Bank clerk Stanley Ipkiss (Jim Carrey) is chronically shy and geeky until he happens upon the ancient mask of Loki floating in the river in Edge City. Once he dons the wooden mask, he transforms into a green-skinned, zoot-suited avatar of the Norse god of mischief, who winds up police detective Kellaway (Peter Riegert) and ruthless gangster Dorian Tyrell (Peter Greene) alike.
Russell had previously directed A Nightmare On Elm Street 3: Dream Warriors for New Line Cinema, then known as “the house that Freddy built”, and he was handed the Dark House comics at the point where the studio wanted to turn them into a horror franchise. Correctly surmising that the comic’s grimdark tone would put off audiences, he worked with screenwriter Mike Werb to adapt the story into a family-friendly romantic comedy. At one point, they even considered making the film into a musical.
After a stint in development hell while special effects caught up to the live-action cartoon that Russell wanted to make, the film wound up being a huge critical and commercial hit and is fondly remembered among the very best family comedies of the decade.
What’s more, this is the second of three films I’ve covered in this 90s On Netflix column that collectively turned Jim Carrey into the biggest box-office draw of 1994. It’s also the most comfortably tailored to its star’s considerable talents, proving less obnoxious than Ace Ventura and maybe a little sweeter than Dumb & Dumber. (We’ll get to that, I promise.) Steve Martin, Mike Myers, and Keanu Reeves were all considered before Carrey eventually won the role, but it’s important to note that he’s as good with the mask off as he is with it on. A little of the Mask’s manic mugging goes a long way, but Carrey is great across all parts of the film.
But the big discovery here is Diaz, who dazzles in her acting debut. Many of these retrospective pieces dwell on her iconic introduction, but she’s on scene-stealing form throughout. From the off, she’s got the comic timing that would propel her on to Hollywood’s A-list, enlivening a stock gangster’s moll spectacularly.
With a different approach than the violent and nihilistic source material, the film is a straight-up delight, with its 1940s aesthetic making it as visually rich as the Tim Burton Batman films at the time. Meanwhile, the main holdover from Russell’s fledgling plan to make it into a full-blown musical is the hilarious Cuban Pete number, where the Mask mounts a full-on musical with cops as backing singers and dancers during a stand-off.
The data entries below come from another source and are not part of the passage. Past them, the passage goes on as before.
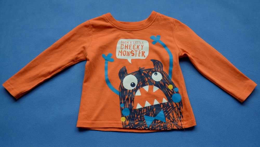 ROZMIAR Z METKI: 80 CM, 12-18 M-CY (szerokość mierzona od pachy do pachy ok 27 cm, długość rękawa mierzona od pachy ok 20 cm, długość całkowita ok 32 cm)
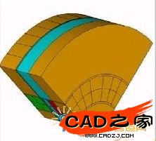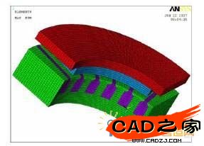 眾所周知電機(jī)的三維電磁場分析將占用巨大的計算資源,因而在能夠滿足工程計算精度的要求下,合理簡化計算模型顯得尤為重要。在ANSYS 中利用周期對稱邊界條件,為電機(jī)建立一個磁極范圍的模型,利用軸向?qū)ΨQ性將一個磁極范圍的模型再簡化為一半,得到電機(jī)八分之一計算模型,從而大幅減少了計算量,縮短了計算時間和設(shè)計周期。為準(zhǔn)確模擬磁場在空氣中的衰減,在其徑向邊界外側(cè)建立了空氣模型,包含空氣邊界的實(shí)體模型如圖3所示,定、轉(zhuǎn)子鐵心和磁極的實(shí)體模型如圖4所示,從圖中可以看出該電機(jī)三維模型的復(fù)雜程度。
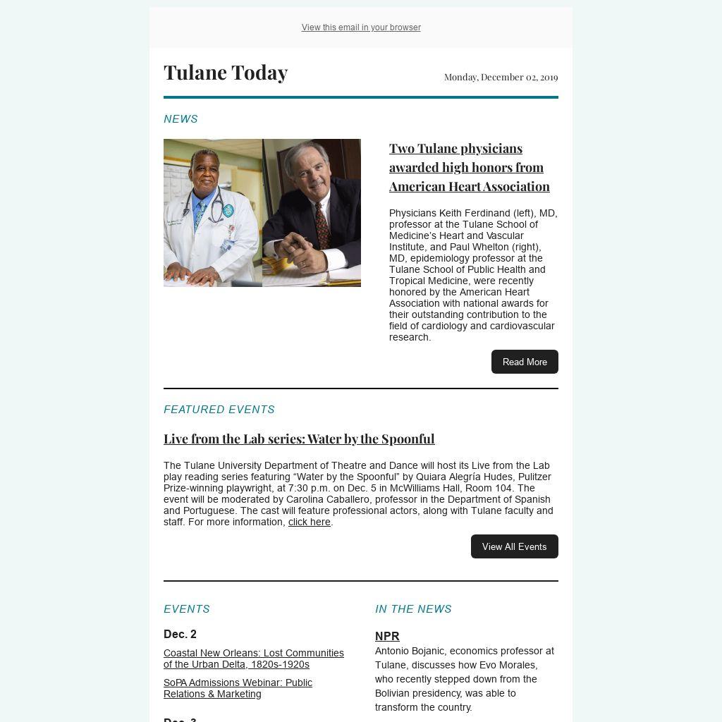 Physicians Keith Ferdinand (left), MD, professor at the Tulane School of Medicine’s Heart and Vascular Institute, and Paul Whelton (right), MD, epidemiology professor at the Tulane School of Public Health and Tropical Medicine, were recently honored by the American Heart Association with national awards for their outstanding contribution to the field of cardiology and cardiovascular research.
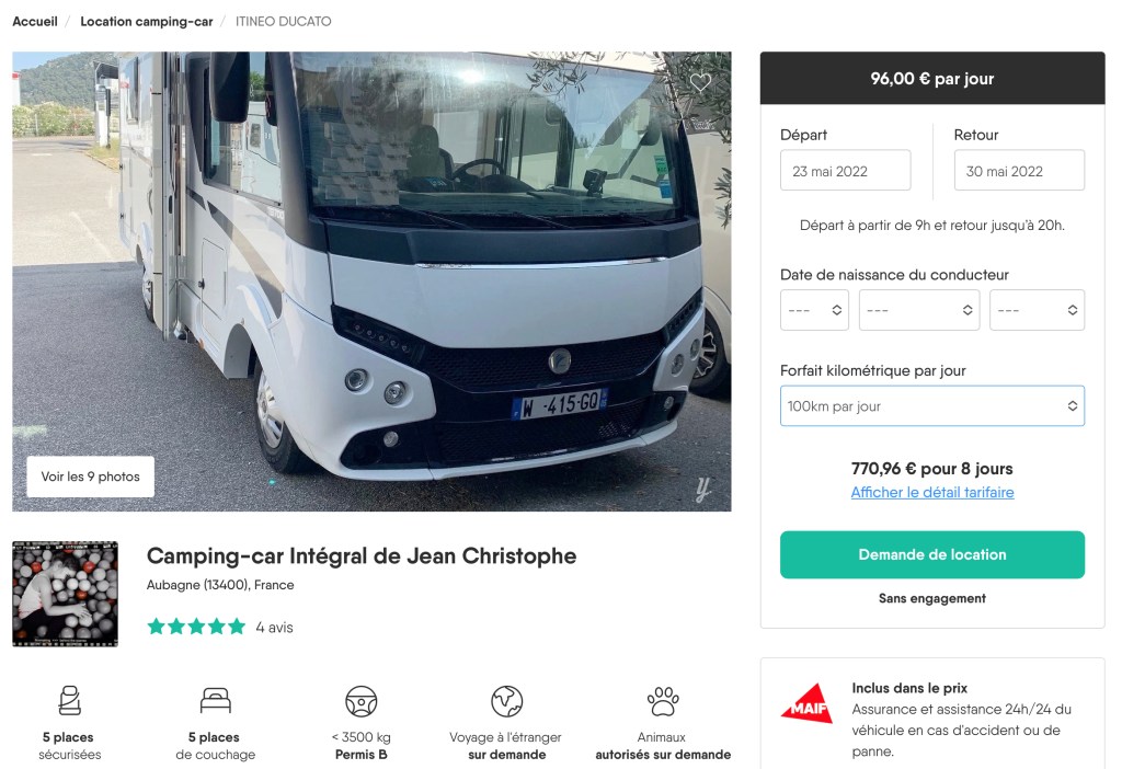 Prenons l’exemple d’un camping-car 5 places permis B pour 1 semaine au mois de Mai, saison idéale pour partir en vacances en camping-car (temps doux dans de nombreuses régions, de nombreux jours fériés et de très jolies régions fleuries). La location du camping-car coûte 96€ par jour.
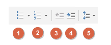 ① 글머리기호 ② 번호 매기기 ③ 목록 수준 줄임 ④ 목록 수준 늘림 ⑤ 줄간격 입니다
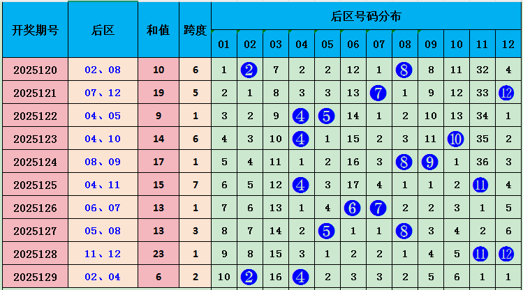 后区第一位:前10期开出奖号:其中奇数号码开出3次,偶数号码开出7次,奇偶走势偶数占优,本期注意奇数号码出现。参考号码:05。
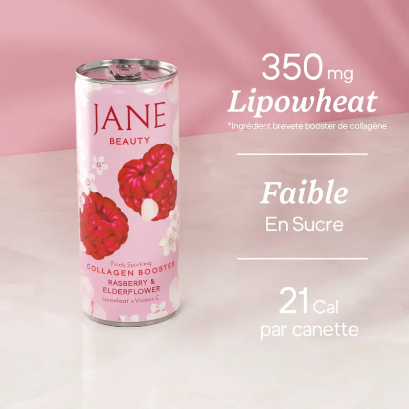 Découvrez JANE Beauty, la boisson innovante aux arÎmes de framboise et sureau, conçue pour une peau éclatante et revitalisée chaque jour.

As fun as a musical version might have been, it’s all the more effective for being the only thing like it in the movie.
Talk of a sequel continued throughout the 1990s, but the less said about 2004’s Carrey-free follow-up Son of the Mask, the better. Initially soured on making sequels to his movies after his experience on Ace Ventura: When Nature Calls, Carrey later starred in 2014’s Dumb And Dumber To, making this the only one of his 1994 trifecta that he hasn’t revisited (yet). Typically, it’s also the only one we’d like to have seen.
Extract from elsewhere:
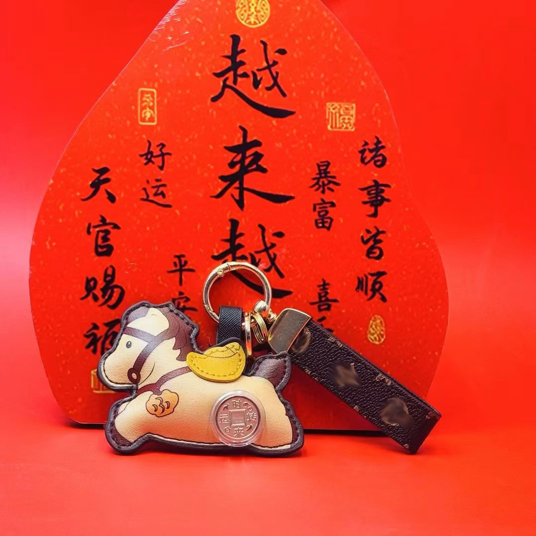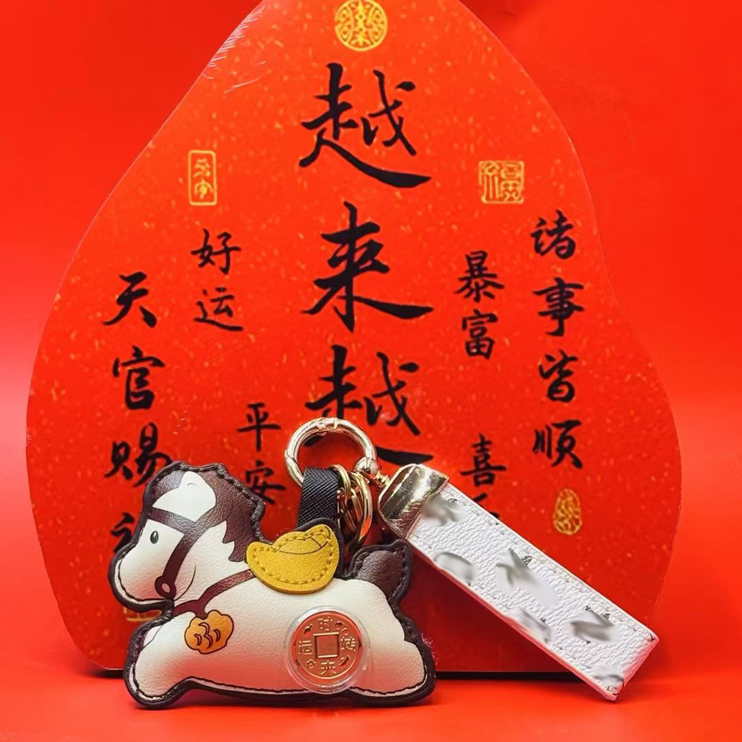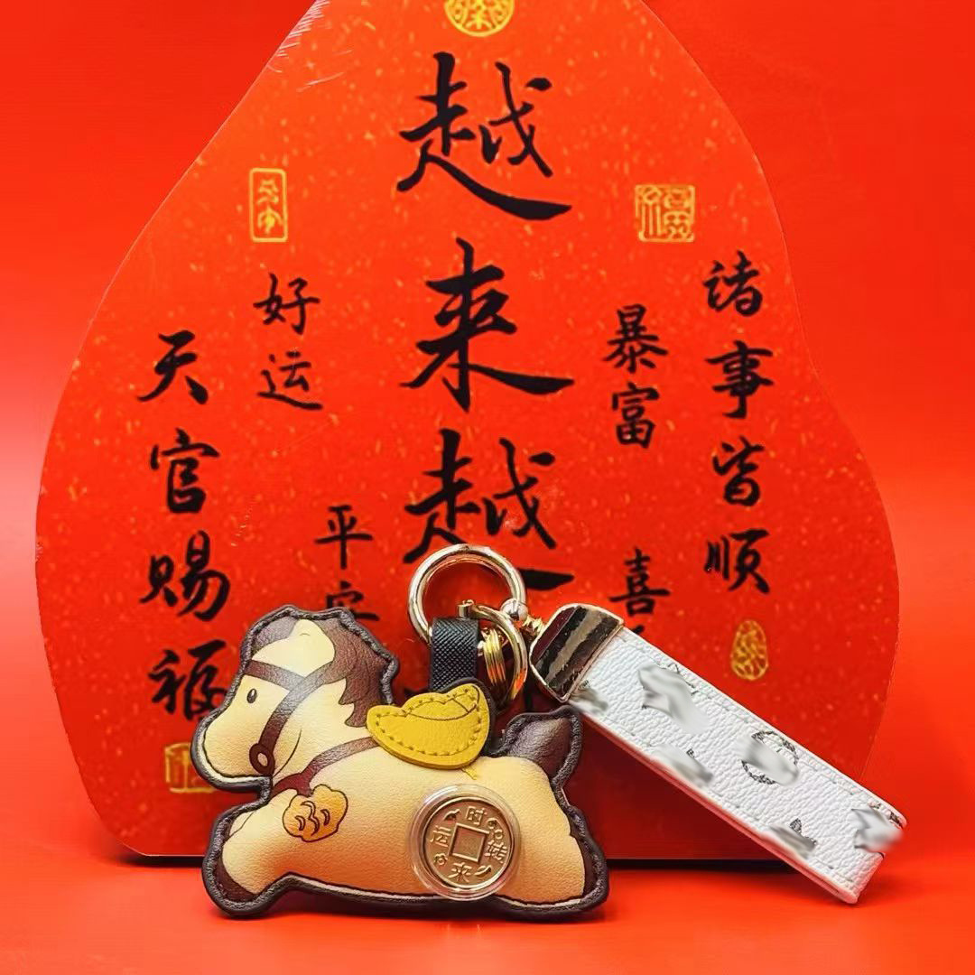 2026马年时来运转马上有钱钥匙扣挂件可旋转风生水起皮革挂饰礼品

As well as making instant stars of its leads upon release, The Mask proves an evergreen comedy upon repeat viewings, whether it’s for the sight gags and pop-culture references you didn’t get when you were younger or the way in which it’s just as funny next to today’s comic book cinema as it was back then. Only the Deadpool movies (also starring a fourth-wall-breaking Canadian hero) have approached this level of cartoonish hilarity since, but this one keeps it family-friendly too.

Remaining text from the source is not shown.